Dr. Gay: Well, they didn’t really have much at this point. So, we’re looking at what was going on in the 1890s and the earliest to 1900s. In 1896, Henri Becquerel, whose last name I hopefully actually got right this time, realized that a lot of different elements seemed to give off these high-energy – we called them beta particles back then, which much to my dismay, I learned at some point in high school were actually just helium particles and I felt betrayed by everything because everyone talks about how exciting beta particles are, beta radiation – no, it’s just fast-moving helium.
But he didn’t know it was fast-moving helium when he found it so they called it the beta particles. And these beta particles were fairly easy to capture. They also found via beta radiation that there were often high-energy electrons that were given off during the processes led to various decays. Again, those are easy to capture and deal with. And they still didn’t fully understand the electron back then. If you think about it, this is before people were dealing with electricity as a day-to-day thing that powers every device around you.

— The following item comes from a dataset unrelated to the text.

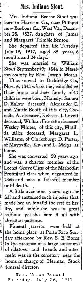 Sources: (1) 1850 Census, Doddridge County, (W)VA. (2) Death record of daughter. (3) Obituary of wife. (4) Obituary. (5) WV State Dept of Health, Div of Vital Statistics, Death Certificate (http://www.wvculture.org/vrr/va_dcsearch.aspx) (6) Obituary, Obituary states death date as Tuesday, July 19 1917. But that date fell on a Thursday. Death record shows date of death as July 19 1917. West Union Record, Jul 26 1917. (7) 1900 Census, Doddridge County, WV (New Milton District) (8) Headstone (year only) (9) Obituary - At home. (10) Doddridge County WV Deaths 1853-1969, Wes Cochran, 156 Gihon Meadows, Apt 150, Parkersburg, WV 26101. (11) West Union WV Cemeteries (Doddridge County), Wes Cochran, 2515 10th Ave, Parkersburg, WV 26101 (July 1990) (12) Birth record of son. (13) Doddridge County WV Marriages 1845-1937, Wes Cochran, 156 Gihon Meadows, Apt 150, Parkersburg, WV 26101 (Jan 1993) (14) Headstone. (15) Obituary - Hospital. (16) West Union WV Cemeteries (Doddridge County), Wes Cochran, 2515 10th Ave, Parkersburg, WV 26101 (July 1990), Headstone reads: A. C. Stout, 1849 - 1936. (17) Obituary of mother. (18) Marriage record of son. (19) Doddridge County Marriage Records, West Union, WV. (20) Doddridge County Marriage Records, West Union, WV, Identified as Wm. W. Booth, age 23y 5m, b. & res. in Harrison Co, farmer, son of Huston & Ingabe Booth; and Marsavene Stout, age 18y 2m, b. & res. in Doddridge Co, dau of William & Indianna Stout. Married Sep 1 1870 in Doddridge County. MR p. 172, line 17 : www.wvculture.org/vrr/va_view.aspx?Id=11791708&Type=Marriage. (21) Death Record - Birth date calculated from age at death. (22) 1860 Census, Doddridge County, (W)VA. (23) 1900 Census, Lewis County, WV. (24) 1870 Census, Doddridge County, WV (South West Twp). (25) Obituary of sister. (26) Birth record of daughter. (27) 1940 Census, Doddridge County, WV (Southwest District) (28) Death record of wife. (29) 1930 Census, Doddridge County, WV (West Union District). (30) 1920 Census, Doddridge County, WV (West Union District). (31) Doddridge County Death Records, West Union, WV. (32) 1900 Census, Doddridge County, WV (Southwest District) (33) Lewis County Marriage Records, Weston, WV. (34) Kentucky Death Index, 1911-2000 [database on-line], Ancestry.com and Kentucky Health Data Branch. (35) Kentucky Death Index, 1911-2000 [database on-line], Ancestry.com and Kentucky Health Data Branch, Mother incorrectly identified as Indiana Vincent, rather than Indiana Benson. (36) Death record. (37) Findagrave.com. (38) Obituary of son. (39) 1930 Census. (40) 1900 Census, Doddridge County, WV (West Union District) (41) Ritchie County Marriage Records, Harrisville, WV. (42) Ritchie County Marriage Records, Harrisville, WV, Identified as L. M. Stout, 32, b. Doddridge Co, res. Kelly, Doddridge Co, son of (blank); and Miss Lettie Wilson, 21, b. Ritchie Co, res. Pennsboro, dau of (blank). Married Apr 1 1903 in Pennsboro. MR p. 352. (43) Obituary of husband. Event Notes Note (1) Stone has birth date, but no death date. Name reported as Sendora D. Note (2) In 1910, listed as a boarder, age 61, widowed, farmer, in the household of Henson Knapp and his extended family. Note (3) At 103 Court Street. Only other household member was son Houston. Note (4) In 1920 and 1930, at 407 Wood Street. Note (5) Birth date on headstone is Oct 6 1873, but his death record states Oct 6 1868. He was present (age 1) for the 1870 Census. In his later adult years, his reported age was only about 8 years older than the previous census.Name Index

Experiments involving electricity had gone on for a long time. You can imagine all the things Benjamin Franklin did a couple hundred years before this, but the details of understanding how to deal with electricity were completely new. So, J. J. Thompson came along and he realized in the late 1890s that you could actually change the path of an electron with magnetic fields, with electric fields, built up by nonmoving charged plates and started calculating if you have charged particles moving through these different fields, how does one electric field affect one charged particle? How does the magnetic field affect a moving charged particle?
And all of this led to a series of equations that made it possible to calculate the expected trajectory of a moving charged particle with a given velocity as it moved through electromagnetic fields. This is actually something that up until recently, everyone dealt with every single day. Cathode ray tubes, the technology that led to the television coming out in the 1930s, all of that was based on this early work by Thompson on moving electrons around with electromagnetic fields. So, they were building early Cathode ray tubes, shooting electrons, applying fields and based on the fields that they created, they could move that electron around.
Essentially, if they wanted to, they could make a very slow picture because they didn’t have all of the electronics that are required for television.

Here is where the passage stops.